# Tattoo



## Darcy1311 (May 27, 2012)

I just had a new tattoo done the other day, thought it would be nice to have Darcy permanently attached....took 6 hours and hurt like ****, but was well worth it... ;D...now she follows me everywhere.. :-*


----------



## einspänner (Sep 8, 2012)

great looking tat! How it could not be if it's of a V?  Is that one of Harvey on the other side?


----------



## Darcy1311 (May 27, 2012)

Yes that was Harvey done about 5 years age....


----------



## mswhipple (Mar 7, 2011)

Wow, that's some ink you got there!! Beautiful!


----------



## MCD (May 4, 2013)

Amazing..... and in such detail.


----------



## GarysApollo (Nov 27, 2012)

Yes that is some amazing detail. The shading is spot on.

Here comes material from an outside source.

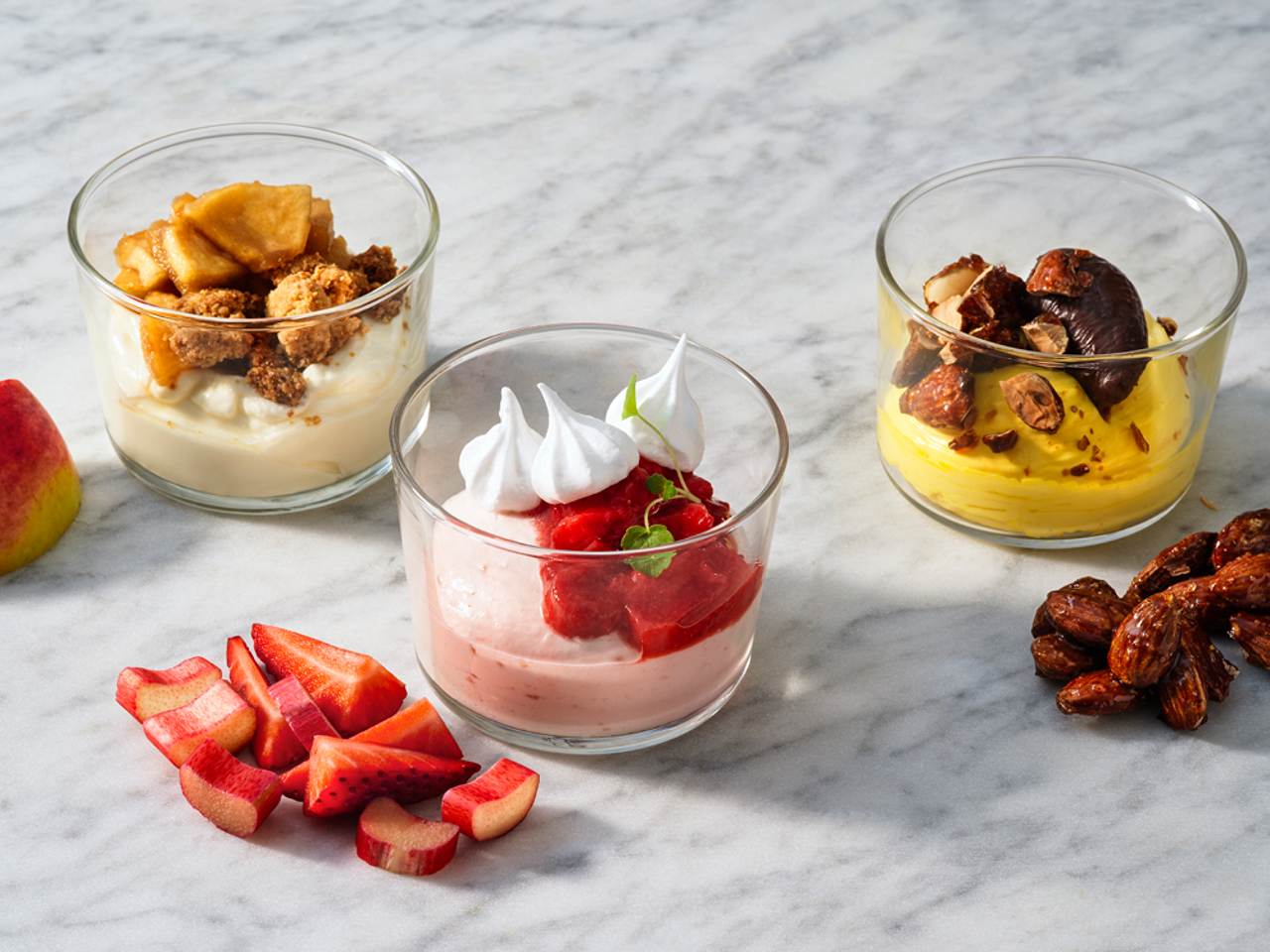 Med olika baser, toppings och crunch får du många komponenter att välja bland, vilket gör det enkelt att säsongsanpassa dina desserter. Se också vad som finns i säsong. En bas som vanligtvis smaksätts med hallon passar lika bra att göra på andra bär om det finns tillgängligt till bättre pris. Även de olika toppingarna kan varieras efter vad som är i säsong. På så vis kan du hålla nere råvarukostnaderna.

When I pulled it up almost thought you had the dog next to you!


----------



## cooperman (Oct 26, 2010)

Some seriously fab ink there. The subject matter of course is amazingly easy to compliment too.


----------



## Darcy1311 (May 27, 2012)

Thanks Cooperman  it's all healed up now and looking good..


----------



## Gingerbread (Aug 7, 2013)

Fantastic artwork, looks fabulous!!!


----------